Pero hay una crisis más profunda en nuestra res publica chilensis, la degradación total de la gravitas republicana. Esta consistía para los romanos en una virtud de lo público, propia de los líderes políticos, que se traducía en la gravedad —el peso— del líder. En palabras modernas, que el líder fuera respetable, no solo por ocupar una posición de poder con potestas —esto es, poder legal de mando— sino que por sus propias cualidades de liderazgo y la seriedad de su figura.

Esta virtud apunta a un elemento esencial del mando político, la respetabilidad. Para el líder político no es suficiente encontrarse en la posición de poder, sino que debe actuar acorde a la alta función que se le ha entregado, cultivando y proyectando una imagen de probidad y seriedad. Misma idea es la que presenta San Isidoro de Sevilla en su frase “rex eris si recte facies, si non facias non eris” (rey eres si actúas rectamente, si no, no lo eres), siendo esta idea una de las bases del pensamiento político cristiano. Así, la mera potestad de mando no es suficiente, sino que el liderazgo requiere un elemento espiritual. La esposa de César no solo tiene que serlo, sino que también parecerlo.

Este elemento no es algo que pueda imponerse a través de leyes o constituciones, sino que debe quedar resguardado a través de una formación de la propia clase política, una consciencia de su lugar en la sociedad, que no es un premio, sino una responsabilidad para con la sociedad y en miras al bien común, y que, por tanto, conlleva una solemnidad propia de dicha alta labor.

En una república democrática esto es de especial relevancia. Nuestro sistema está constituido sobre la delegación de la soberanía que hace la nación en su conjunto en ciertas personas, para que estas ejerzan la administración de lo común para el bien de toda la sociedad. Esta estructura de delegación del poder hace necesario un actuar ejemplar de los representantes, quienes deberían encarnan, idealmente, los valores propios de una estructura democrática. Esto es obviamente imposible en un sentido absoluto —siempre existirán malos políticos— pero es necesario que la sensación media sea que los destinos de la nación están en las manos más adecuadas. Como todo el sistema se basa en la confianza que se da a ciertas personas para administrar lo público de acuerdo al bien común y a las reglas que nos hemos impuesto, es necesario que exista una confianza en las clases dirigentes.

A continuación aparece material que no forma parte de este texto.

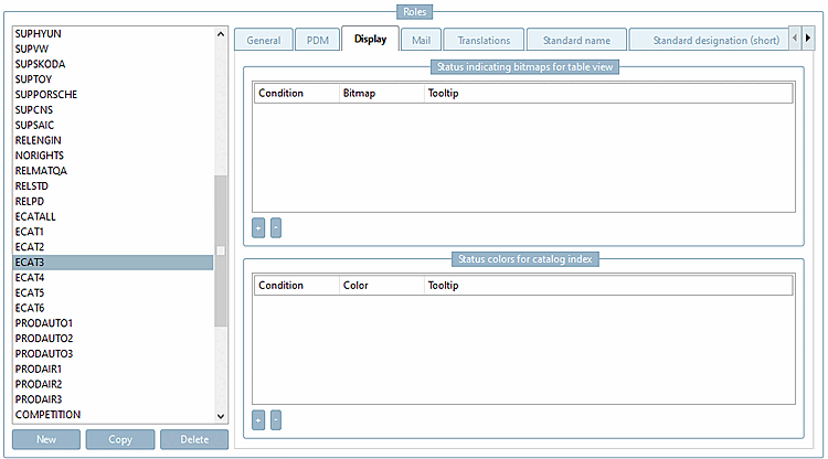 In the Roles dialog area, select the "ECAT3" role and the Translations tab page.

La crisis política chilena tiene mucho de crisis de respetabilidad. Nuestra clase política ha degenerado en panelistas de matinales, en hombres meme de Twitter y, como último fenómeno, en “tiktokers”. Paralelo a esto, se han empezado a elegir como representantes a personas que están lejos de un ideal republicano, sino que su única virtud política es la popularidad que gozan por su vida de celebridades, cosa que tampoco debería sorprender dado que los políticos “profesionales” no han mostrado una faceta de seriedad, prefiriendo la facilidad de ser populares a cualquier costo. 

De cierta manera se da un proceso doble de vulgarización. Los políticos establecidos rebajan su actuar político a un populismo de matinal, y, por otro lado, las nuevas personas que entran a la política son un mero reflejo de la sociedad del espectáculo en que nos encontramos sumergidos; su gran virtud, saber bailar.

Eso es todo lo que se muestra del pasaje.